Principle of Superposition of Waves
The Principle of Superposition states that when two waves of the same kind meet at a point in space, the resultant displacement at that point is the vector sum of the displacements that the two waves would separately produce at that point. Interference refers to the superposing of two or more coherent waves to produce regions of maxima and minima in space, according to the principle of superposition. Constructive interference occurs when two or more waves arrive at the screen in phase with each other, such that the amplitude of the resultant wave is the sum of the amplitude of the individual waves. Destructive interference occurs when the two or more waves arrive π out of phase with each other.

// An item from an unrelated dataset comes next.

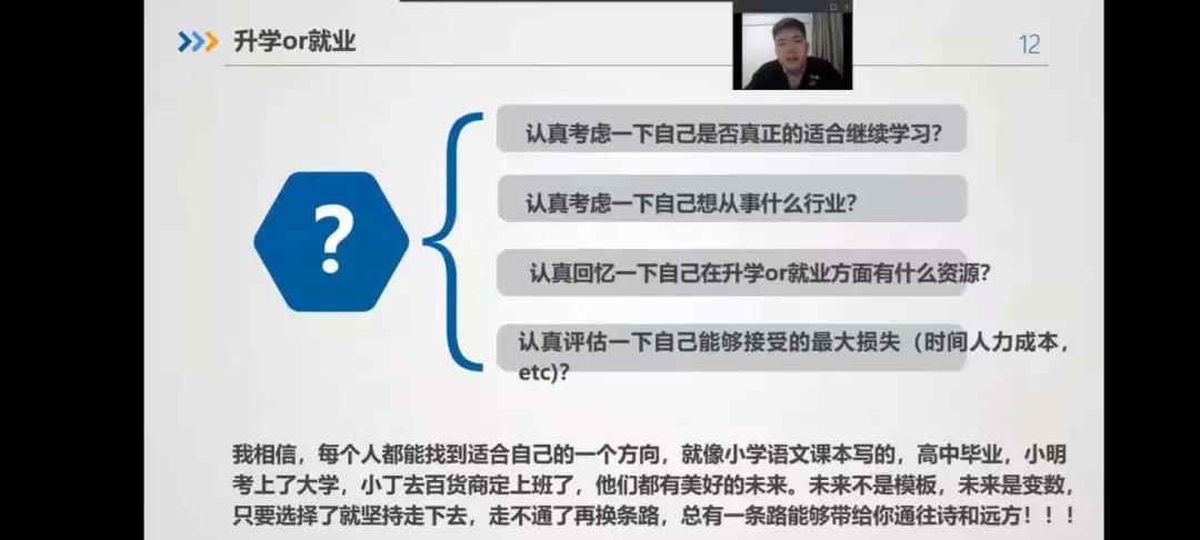 就业方面,学长建议大家在工作岗位上多多实践,增加自己的实践经历,多方面提升自我技能。面对挑战时,敢于迎接挑战,突破自我。

The principle of superposition, the net response for all linear systems at a given time for a given place, caused by two or more stimuli, is the sum of responses which would have been caused by each stimulus individually. So, if the response produced by input A is X and that produced by input B is Y, then the response produced by input A + B is X + Y.
Considering two waves, travelling simultaneously along the same stretched string in opposite directions as shown in the figure above. We can see images of waveforms in the string at each instant of time. It is observed that the net displacement of any element of the string at a given time is the algebraic sum of the displacements due to each wave.
Let us say two waves are travelling alone and the displacements of any element of these two waves can be represented by y1(x, t) and y2(x, t). When these two waves overlap, the resultant displacement can be given as y(x, t).
Mathematically, y (x, t) = y1(x, t) + y2(x, t).
As per the principle of superposition, we can add the overlapped waves algebraically to produce a resultant wave. Let us say the wave functions of the moving waves are
y₁ = f₁ (x – vt),
y₂ = f₂ (x – vt),
. . . . . . . . . .
. . . . . . . . . .
yn = fn (x – vt)
Then the wave function describing the disturbance in the medium can be described as
y = f₁ (x – vt) + f₂ (x – vt) + … + fn (x – vt)
Or y = ⁿΣ ᵢ₌₁ fᵢ (x – vt)
Let us consider a wave travelling along a stretched string given by y₁ (x, t) = A sin (kx – ωt) and another wave, shifted from the first by a phase φ, given as y₂ (x, t) = A sin (kx – ωt + φ).
From the equations we can see that both the waves have the same angular frequency, same angular wave number k, hence the same wavelength and the same amplitude A.
Now, applying the superposition principle, the resultant wave is the algebraic sum of the two constituent waves and has displacement y (x, t) = A sin (kx – ωt) + A sin (kx – ωt + φ).
As sin A = sin B = 2 sin ½ (A + B) cos ½ (A – B).
The above equation can be written as, y (x, t) = [2A cos ½ φ] sin (kx – ωt + ½ φ).
The resultant wave is a sinusoidal wave, traveling in the positive X direction, where the phase angle is half of the phase difference of the individual waves and the amplitude as [2 cos ½ φ] times the amplitudes of the original waves.